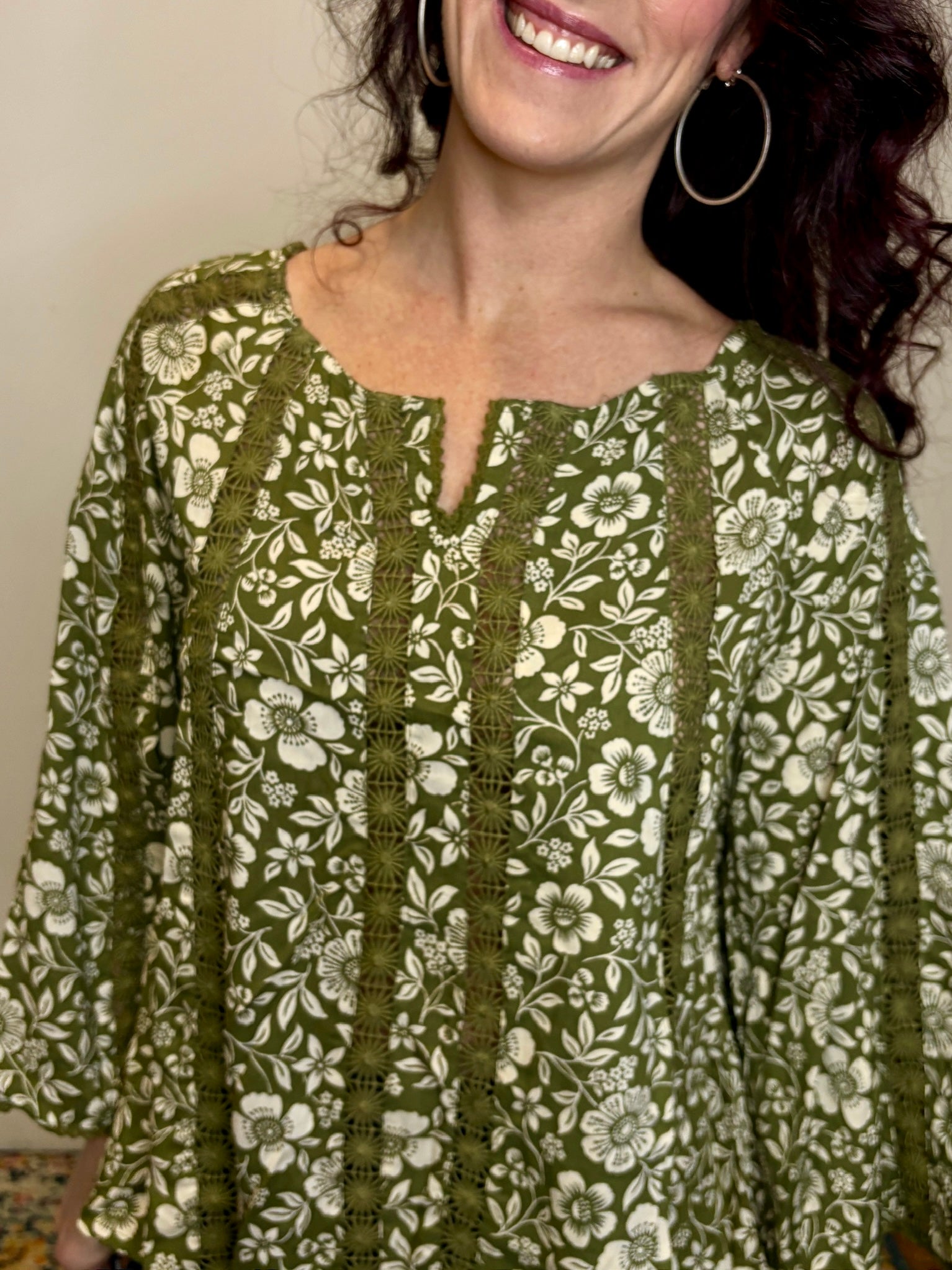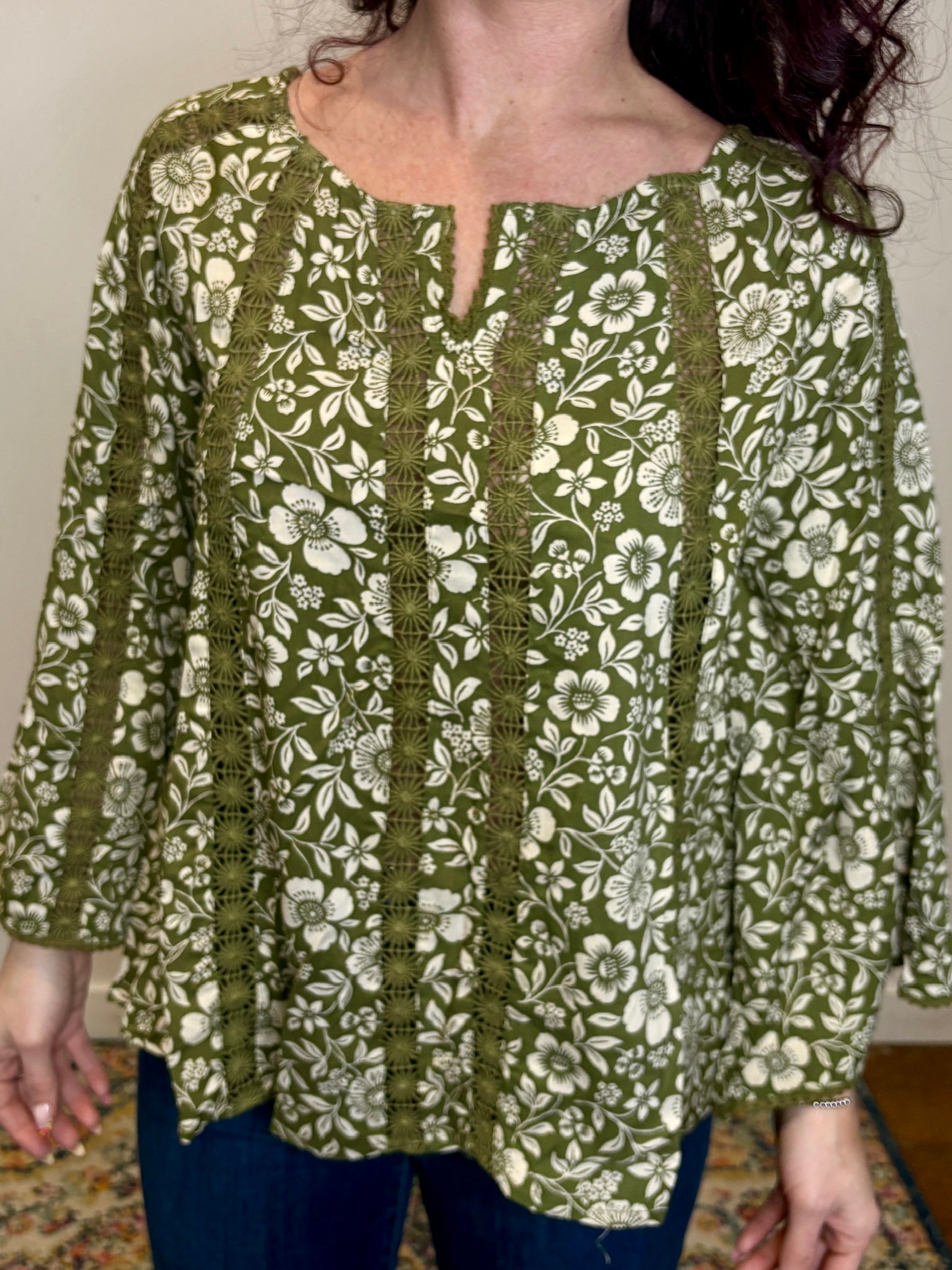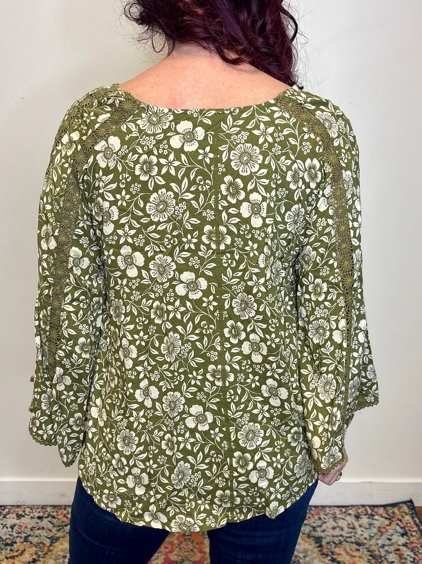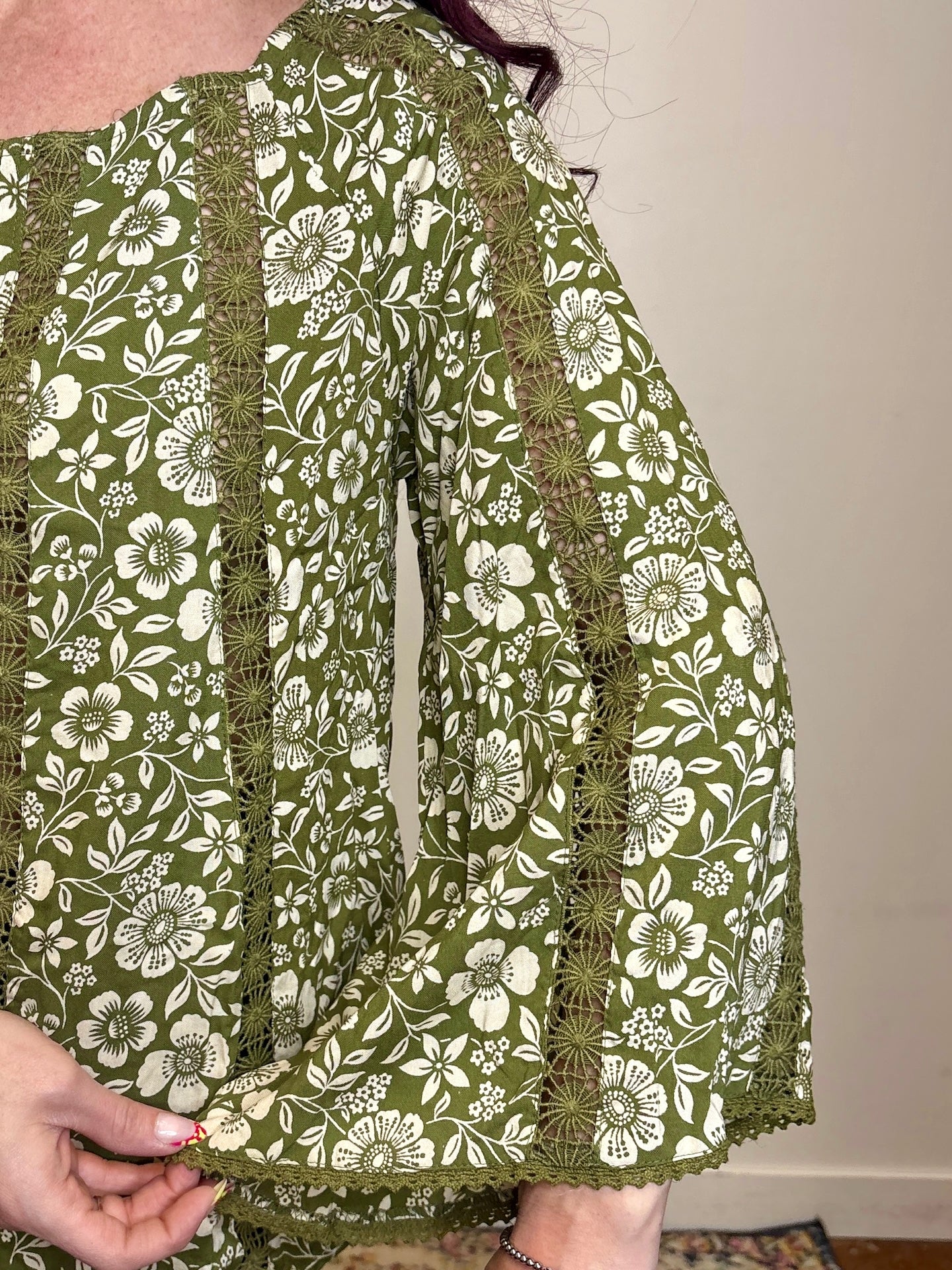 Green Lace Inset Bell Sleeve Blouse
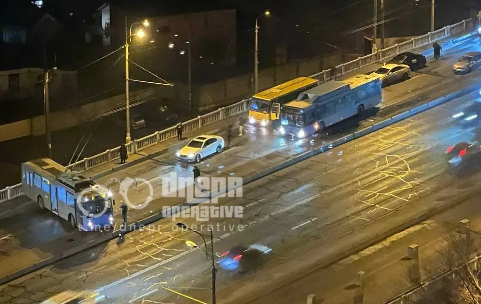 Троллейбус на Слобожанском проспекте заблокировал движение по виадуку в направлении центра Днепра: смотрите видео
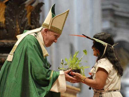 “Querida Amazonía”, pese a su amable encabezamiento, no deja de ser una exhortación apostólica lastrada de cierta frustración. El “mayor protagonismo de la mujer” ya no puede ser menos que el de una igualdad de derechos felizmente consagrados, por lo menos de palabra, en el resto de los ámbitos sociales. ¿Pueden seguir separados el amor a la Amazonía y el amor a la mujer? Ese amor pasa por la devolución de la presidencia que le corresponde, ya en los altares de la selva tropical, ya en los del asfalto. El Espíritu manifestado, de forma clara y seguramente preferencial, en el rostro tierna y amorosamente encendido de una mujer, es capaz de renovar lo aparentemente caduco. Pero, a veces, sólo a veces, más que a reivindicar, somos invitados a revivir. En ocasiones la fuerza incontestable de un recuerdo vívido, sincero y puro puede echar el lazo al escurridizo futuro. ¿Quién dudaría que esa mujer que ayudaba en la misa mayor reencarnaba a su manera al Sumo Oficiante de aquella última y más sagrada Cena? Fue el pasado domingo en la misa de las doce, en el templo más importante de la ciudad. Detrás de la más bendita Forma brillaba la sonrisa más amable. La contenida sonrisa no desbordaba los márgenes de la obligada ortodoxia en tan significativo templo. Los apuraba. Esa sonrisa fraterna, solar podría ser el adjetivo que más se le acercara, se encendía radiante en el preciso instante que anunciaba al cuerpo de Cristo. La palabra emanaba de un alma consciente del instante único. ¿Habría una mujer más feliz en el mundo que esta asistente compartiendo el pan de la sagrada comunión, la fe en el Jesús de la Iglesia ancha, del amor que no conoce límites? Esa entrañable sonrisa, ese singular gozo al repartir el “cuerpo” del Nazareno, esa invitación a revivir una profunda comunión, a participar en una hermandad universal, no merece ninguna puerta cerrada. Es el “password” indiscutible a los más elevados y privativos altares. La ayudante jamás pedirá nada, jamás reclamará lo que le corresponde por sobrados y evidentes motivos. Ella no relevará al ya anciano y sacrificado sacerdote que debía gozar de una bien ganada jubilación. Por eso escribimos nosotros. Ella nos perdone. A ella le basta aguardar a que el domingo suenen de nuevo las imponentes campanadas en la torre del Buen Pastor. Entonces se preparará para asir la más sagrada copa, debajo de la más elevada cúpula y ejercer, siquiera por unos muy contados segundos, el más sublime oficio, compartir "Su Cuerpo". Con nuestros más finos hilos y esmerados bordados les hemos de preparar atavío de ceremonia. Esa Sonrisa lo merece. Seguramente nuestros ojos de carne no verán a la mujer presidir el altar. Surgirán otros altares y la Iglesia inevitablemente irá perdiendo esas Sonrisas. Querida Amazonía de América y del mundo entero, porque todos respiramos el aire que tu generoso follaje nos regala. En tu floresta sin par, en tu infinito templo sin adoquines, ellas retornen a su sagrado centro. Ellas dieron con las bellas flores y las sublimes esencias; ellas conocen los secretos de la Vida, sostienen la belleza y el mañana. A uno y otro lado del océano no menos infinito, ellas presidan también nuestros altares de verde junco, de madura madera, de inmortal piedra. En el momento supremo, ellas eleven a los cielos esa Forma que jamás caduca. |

> _TASK INSTRUCTIONS_
Every line of the material must be repeated exactly; pictures stay out.

> _ANSWER FOR THIS EXERCISE_
 Green Lace Inset Bell Sleeve Blouse
 Троллейбус на Слобожанском проспекте заблокировал движение по виадуку в направлении центра Днепра: смотрите видео
 “Querida Amazonía”, pese a su amable encabezamiento, no deja de ser una exhortación apostólica lastrada de cierta frustración. El “mayor protagonismo de la mujer” ya no puede ser menos que el de una igualdad de derechos felizmente consagrados, por lo menos de palabra, en el resto de los ámbitos sociales. ¿Pueden seguir separados el amor a la Amazonía y el amor a la mujer? Ese amor pasa por la devolución de la presidencia que le corresponde, ya en los altares de la selva tropical, ya en los del asfalto. El Espíritu manifestado, de forma clara y seguramente preferencial, en el rostro tierna y amorosamente encendido de una mujer, es capaz de renovar lo aparentemente caduco. Pero, a veces, sólo a veces, más que a reivindicar, somos invitados a revivir. En ocasiones la fuerza incontestable de un recuerdo vívido, sincero y puro puede echar el lazo al escurridizo futuro. ¿Quién dudaría que esa mujer que ayudaba en la misa mayor reencarnaba a su manera al Sumo Oficiante de aquella última y más sagrada Cena? Fue el pasado domingo en la misa de las doce, en el templo más importante de la ciudad. Detrás de la más bendita Forma brillaba la sonrisa más amable. La contenida sonrisa no desbordaba los márgenes de la obligada ortodoxia en tan significativo templo. Los apuraba. Esa sonrisa fraterna, solar podría ser el adjetivo que más se le acercara, se encendía radiante en el preciso instante que anunciaba al cuerpo de Cristo. La palabra emanaba de un alma consciente del instante único. ¿Habría una mujer más feliz en el mundo que esta asistente compartiendo el pan de la sagrada comunión, la fe en el Jesús de la Iglesia ancha, del amor que no conoce límites? Esa entrañable sonrisa, ese singular gozo al repartir el “cuerpo” del Nazareno, esa invitación a revivir una profunda comunión, a participar en una hermandad universal, no merece ninguna puerta cerrada. Es el “password” indiscutible a los más elevados y privativos altares. La ayudante jamás pedirá nada, jamás reclamará lo que le corresponde por sobrados y evidentes motivos. Ella no relevará al ya anciano y sacrificado sacerdote que debía gozar de una bien ganada jubilación. Por eso escribimos nosotros. Ella nos perdone. A ella le basta aguardar a que el domingo suenen de nuevo las imponentes campanadas en la torre del Buen Pastor. Entonces se preparará para asir la más sagrada copa, debajo de la más elevada cúpula y ejercer, siquiera por unos muy contados segundos, el más sublime oficio, compartir "Su Cuerpo". Con nuestros más finos hilos y esmerados bordados les hemos de preparar atavío de ceremonia. Esa Sonrisa lo merece. Seguramente nuestros ojos de carne no verán a la mujer presidir el altar. Surgirán otros altares y la Iglesia inevitablemente irá perdiendo esas Sonrisas. Querida Amazonía de América y del mundo entero, porque todos respiramos el aire que tu generoso follaje nos regala. En tu floresta sin par, en tu infinito templo sin adoquines, ellas retornen a su sagrado centro. Ellas dieron con las bellas flores y las sublimes esencias; ellas conocen los secretos de la Vida, sostienen la belleza y el mañana. A uno y otro lado del océano no menos infinito, ellas presidan también nuestros altares de verde junco, de madura madera, de inmortal piedra. En el momento supremo, ellas eleven a los cielos esa Forma que jamás caduca. |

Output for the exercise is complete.